Era tarde, el frío invitaba a encerrarse, bajo llave, en un cuarto calefaccionado. Los colores de las cosas estaban grisáceos por falta de temperatura, como antiguos, olvidados, agresivos a los niños que ahí jugaban hace unos meses.
La plaza está desierta. Es chica, con un par de toboganes y unas pocas hamacas, suficiente para entretener, junto con tres subibajas, al batallón de chicos del barrio. Solo hojas que se arrastran tristes, intentando volar, recorren su arenero y el pasto reseco que ha tomado filo de tan viejo.
Los grandes árboles que la rodean son manchados, como las pieles de los (hombres) ancianos, manchas blancas y pardas. Sus copas peladas sostienen con esfuerzo las pocas hojas que tarde o temprano recorrerán la plaza que vigilaron todo el verano. Ahora no podrán jugar con los chicos, no hay chicos, no jugando…

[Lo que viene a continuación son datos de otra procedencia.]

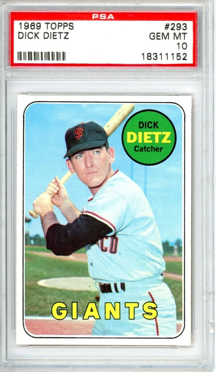 Shop › 1969 Topps Dick Dietz #293 PSA 10 Giants Image 1 of 1 1969 Topps Dick Dietz #293 PSA 10 Giants $1,982.00 Thousands of high grade PSA cards available New cards added weekly Always check KRISKEPPLERSPORTSCARDS Add To Cart Added! Thousands of high grade PSA cards available New cards added weekly Always check KRISKEPPLERSPORTSCARDS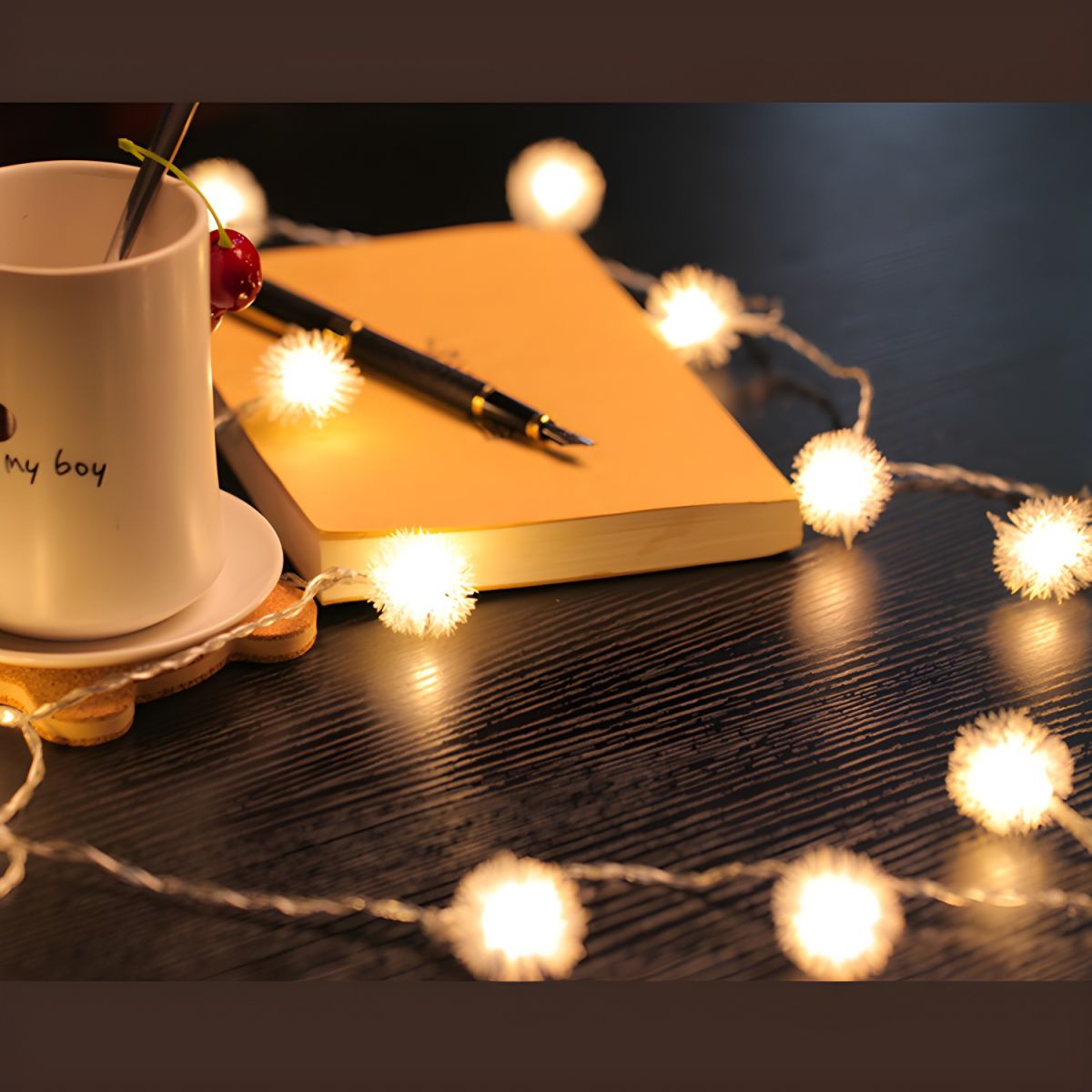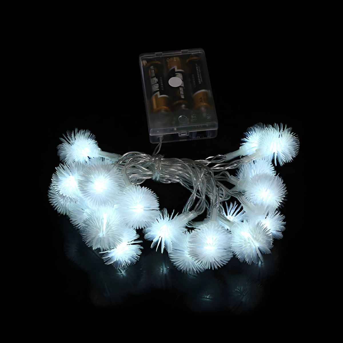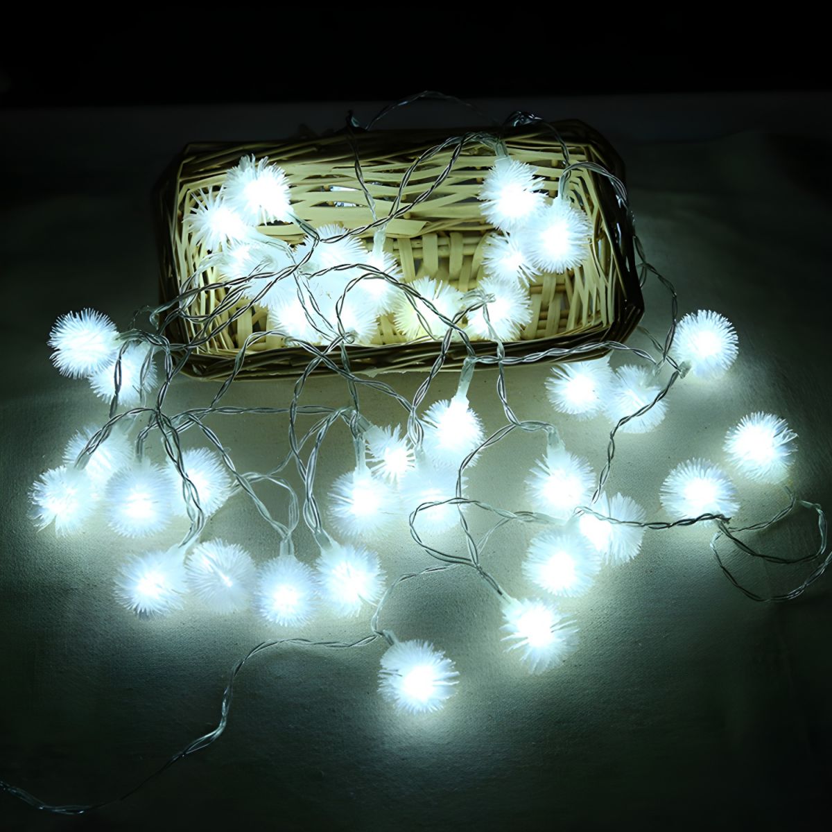 White Pompom LED String Light Modernism Plastic Solar Festive Light for Outdoor

En el banco, de espaldas a los subibajas, la calle al frente y el frío en las mejillas y orejas. Gris marrón y azul el abrigo, bufanda negra. Las piernas bien juntas y sin tiritar, caminando con los dedos sobre el banco verde congelado, los dedos sobre el banco tallado y raspado. Debajo de todo el abrigo el corazón late solo, despacio, des-pa-cio, en sintonía con el frío y el viento que casi no se hace escuchar. Cesa la caminata, ya no se llega lejos con los dedos, ahora que hace tanto frío.
Pero esto de verlo nada más. Él no sabe, no se sabe si sabe nada de lo que le pasa. Por ahí solo le pasa a uno y lo refleja en él. Quizás salió a descansar, escuchar el aire, antes de girar la cabeza, no tan despacio y con los ojos abiertos, al grito de “¡Carlos!”.